---- Provided records

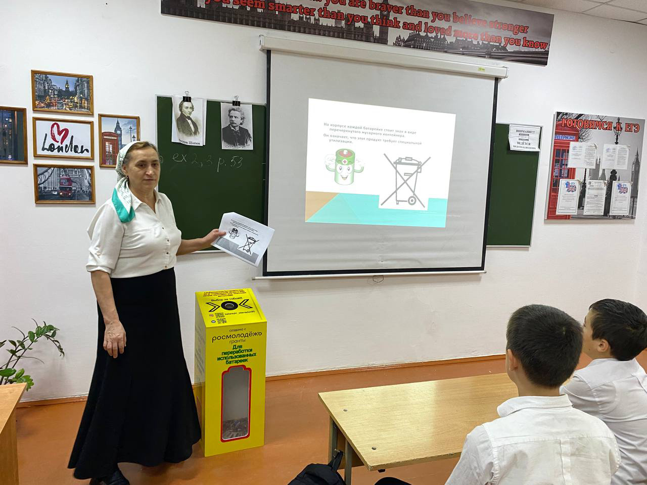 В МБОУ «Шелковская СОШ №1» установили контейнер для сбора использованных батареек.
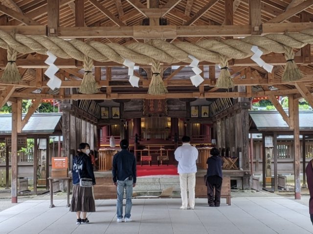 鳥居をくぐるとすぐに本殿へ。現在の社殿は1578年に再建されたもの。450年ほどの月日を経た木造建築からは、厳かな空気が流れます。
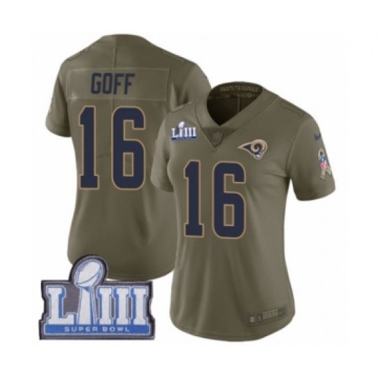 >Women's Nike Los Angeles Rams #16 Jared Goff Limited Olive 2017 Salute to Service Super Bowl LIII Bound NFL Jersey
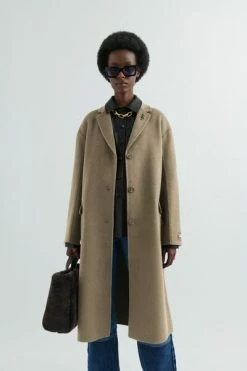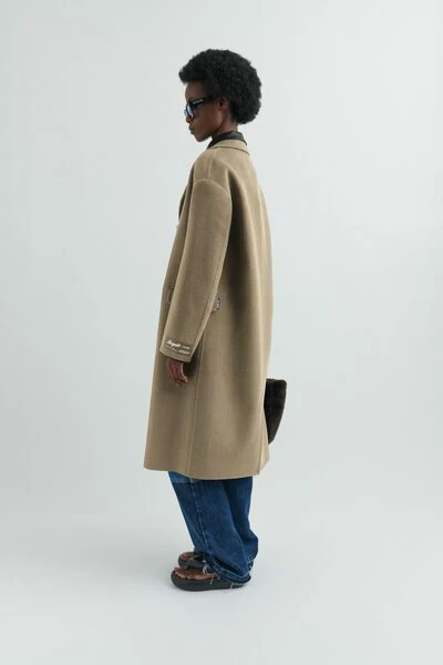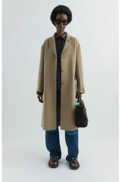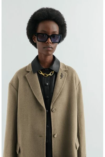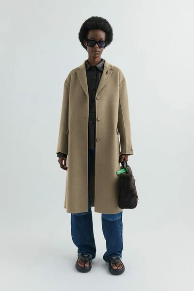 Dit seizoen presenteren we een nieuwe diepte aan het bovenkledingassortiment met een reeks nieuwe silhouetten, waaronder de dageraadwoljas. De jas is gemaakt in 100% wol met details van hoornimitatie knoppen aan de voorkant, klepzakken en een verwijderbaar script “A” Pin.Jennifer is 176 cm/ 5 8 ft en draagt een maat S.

--------
---- Provided records

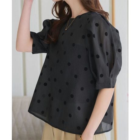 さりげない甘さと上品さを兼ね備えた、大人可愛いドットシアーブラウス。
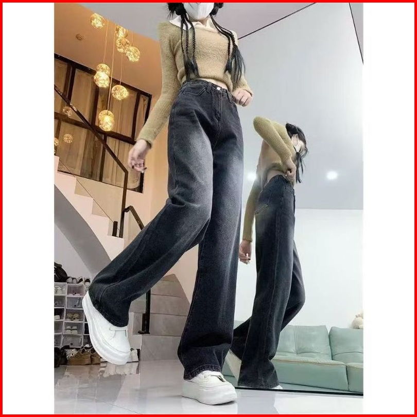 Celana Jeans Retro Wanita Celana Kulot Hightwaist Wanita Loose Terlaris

--------
---- Provided records

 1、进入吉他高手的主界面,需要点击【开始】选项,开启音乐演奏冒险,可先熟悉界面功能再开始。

--------

What to work on ▸
Out of the records above, set down only the lines from the one that contains "сбора использованных батареек." through the one that contains "Bound NFL Jersey", unchanged and without the pictures.

Exercise result ▸
 В МБОУ «Шелковская СОШ №1» установили контейнер для сбора использованных батареек.
 鳥居をくぐるとすぐに本殿へ。現在の社殿は1578年に再建されたもの。450年ほどの月日を経た木造建築からは、厳かな空気が流れます。
 >Women's Nike Los Angeles Rams #16 Jared Goff Limited Olive 2017 Salute to Service Super Bowl LIII Bound NFL Jersey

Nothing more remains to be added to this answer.